In both the right and left colon of patients with LC, the density of chromogranin A was significantly higher than in controls (Fig. 1). The increase in chromogranin A cells in patients with LC occurred whether the number of these cells was expressed as number/mm2 epithelium or as number/field (Figs. 2, 3).
Chromogranin A-immunoreactive cells in the colon of a control (a) and a patient with lymphocytic colitis (b)
Chromogranin A cell density in the controls and patients with lymphocytic colitis as expressed per mm2 epithelium: in the right colon (a) and left colon (b). **p < 0.01, ***p < 0.001
Chromogranin A cell density expressed as he number of cells per field in controls and patients with lymphocytic colitis: in the right colon (a) and left colon (b). Symbols are the same as in Fig. 2
Receiver-operator characteristic (ROC) curves for chromogranin A cell density for the right and left colon show that in the right colon at a cut-off value of >30 cells/mm2 epithelium, the sensitivity is 97 % and specificity is 98 %. In the left colon, at a cut-off of >29 cells/mm2 epithelium the sensitivity is 100 % and specificity is 94 % (Fig. 4).
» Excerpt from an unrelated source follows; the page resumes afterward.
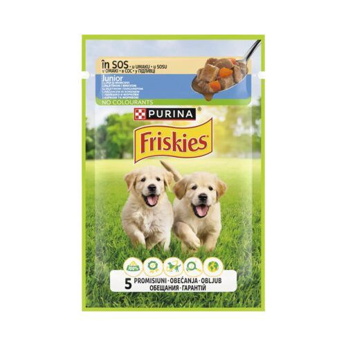 Hrană umedă pentru câini Friskies Junior cu pui și morcovi în sos 85 g Engros
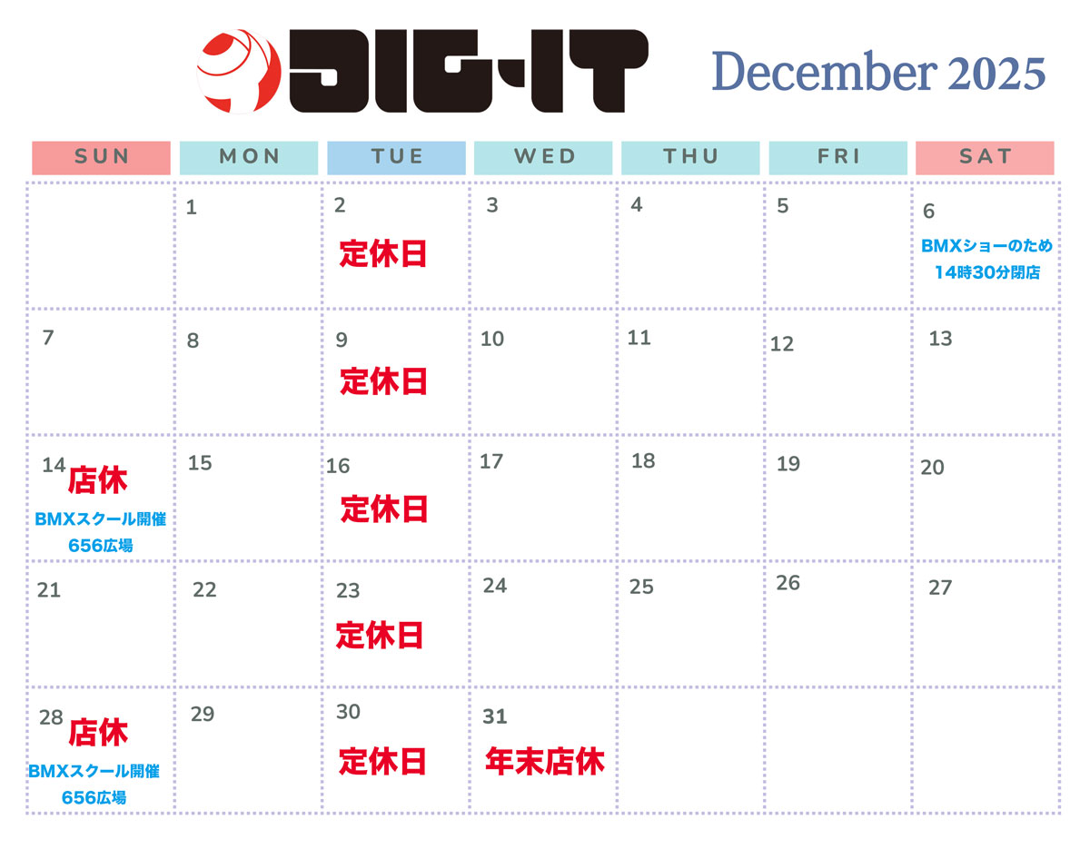 2025年12月のDIG-IT BMX店舗の営業日カレンダーです。通常営業時間は10時から19時、水 続きを読む

Receiver-operator characteristic (ROC) curve for chromogranin A cell density for the right (a) and left colon expressed as number of cells/mm2 epithelium (b)
ROC curves for chromogranin A cell number/field for the right colon shows that at a cut-off of >15 cells/field, the sensitivity is 98 % and specificity is 96 %. In the left colon, at cut-off values of >15 cells/field, the sensitivity is 93 % and specificity is 89 % (Fig. 5).
ROC curve chromogranin A cell density in the right colon (a) and left colon (b), as expressed number of cells per field
Discussion
The chromogranin A cell density was significantly higher in the right colon than in the left colon when the number of cells was counted with regards to epithelium cell numbers, but not when it was analyzed by microscopic field. In patients with LC, it was the opposite, where the left colon had a higher density of chromogranin cells. Again, there was no difference in chromogranin cell density between the right and left colon when the cells were analyzed per microscopic field. However, the significant difference obtained here could be a statistical type I error. The difference between the outcome when the number of chromogranin cells was compared to epithelium or microscopic field could be due the fact that chromogranin cells, which are situated among the epithelial cells, are more counted with regards to epithelium.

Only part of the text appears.